CRITERION EQUIPMENT (PTY) LTD


Applicant

and

 



DAIZY MANZANA N.O




First Respondent

DISPUTE RESOLUTION CENTRE FOR

THE METAL AND ENGINEERING

INDUSTRIES BARGAING COUNCIL



GIWUSA obo G MANANA

Second Respondent

 





Third Respondent



Decided: In chambers

Judgment: 12 May 2017

Summary: Leave to appeal –– application for leave to appeal dismissed.

RULING ON LEAVE TO APPEAL

HOWES, AJ

Introduction

[1] This is an application for leave to appeal in respect of the whole of the judgment and order handed down by the Honourable Court on 12 April 2016. In terms of the judgment, the Applicant’s review application was dismissed and it was ordered to pay the costs of the Third Respondent.

[2] The Applicant’s application for leave to appeal has been served and filed outside of the prescribed time periods.

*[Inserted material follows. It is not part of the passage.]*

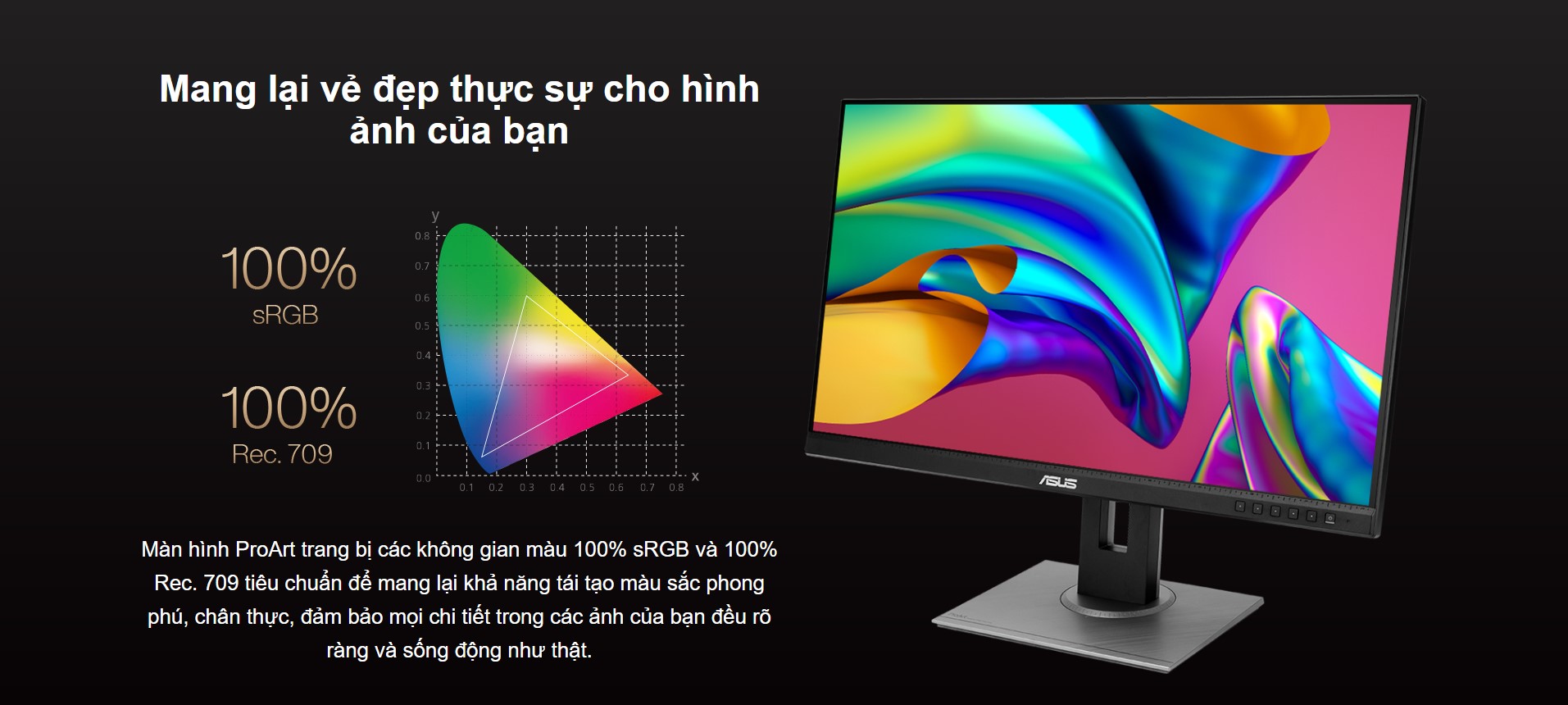 Bên cạnh đó, màn hình này cung cấp độ phủ màu theo tiêu chuẩn công nghiệp với 100% sRGB và 100% Rec. 709. Việc tập trung vào hai dải màu này không phải là một hạn chế, mà là một sự lựa chọn chiến lược phù hợp với nhu cầu của đại đa số các chuyên gia sáng tạo. Trong khi các màn hình cao cấp hơn có thể cung cấp dải màu rộng hơn như DCI-P3 hay Adobe RGB, đại đa số các tác vụ thiết kế web, nhiếp ảnh kỹ thuật số và sản xuất video HD vẫn hoạt động chủ yếu trong không gian màu sRGB/Rec. 709. Bằng cách đảm bảo độ chính xác hoàn hảo trong các dải màu này, PA278QEV phục vụ hiệu quả cho đối tượng mục tiêu của mình, giúp người dùng không phải trả thêm tiền cho khả năng tái tạo màu sắc mà họ có thể không cần đến, trong khi vẫn đảm bảo sự tin cậy tuyệt đối cho công việc của họ. Đây là một điểm thuyết phục mạnh mẽ về giá trị mà sản phẩm mang lại.

The Applicant has filed a condonation application together with its application for leave to appeal. The delay is minor, and I intend granting condonation and determining the matter on its merits.

[3] The application for leave to appeal is not opposed by the Third Respondent.

Applicant’s submissions – grounds of appeal

[4] The Applicant’s submissions supporting its application for leave to appeal are dealt with in two broad categories, namely:

4.1 the unsigned award; and

4.2 the merits of the review.

[5] I will briefly address the application for leave to appeal in accordance with the two broad categories reflected above.

The unsigned award

[6] The Applicant submits that I inter alia failed to accurately interpret and apply section 138(7) of the Labour Relations Act[1](LRA) .

[7] While the Applicant is correct in recording that at the date of the review application hearing, there was no signed arbitration award before me, as previously recorded, it was submitted from the bar by the Third Respondent’s attorney, Mr Cartwright, that he was in possession of the signed arbitration award. This submission was not disputed by the Applicant’s representative, Mr Posthuma. By oversight, Mr Cartwright failed to hand up the signed copy of the award.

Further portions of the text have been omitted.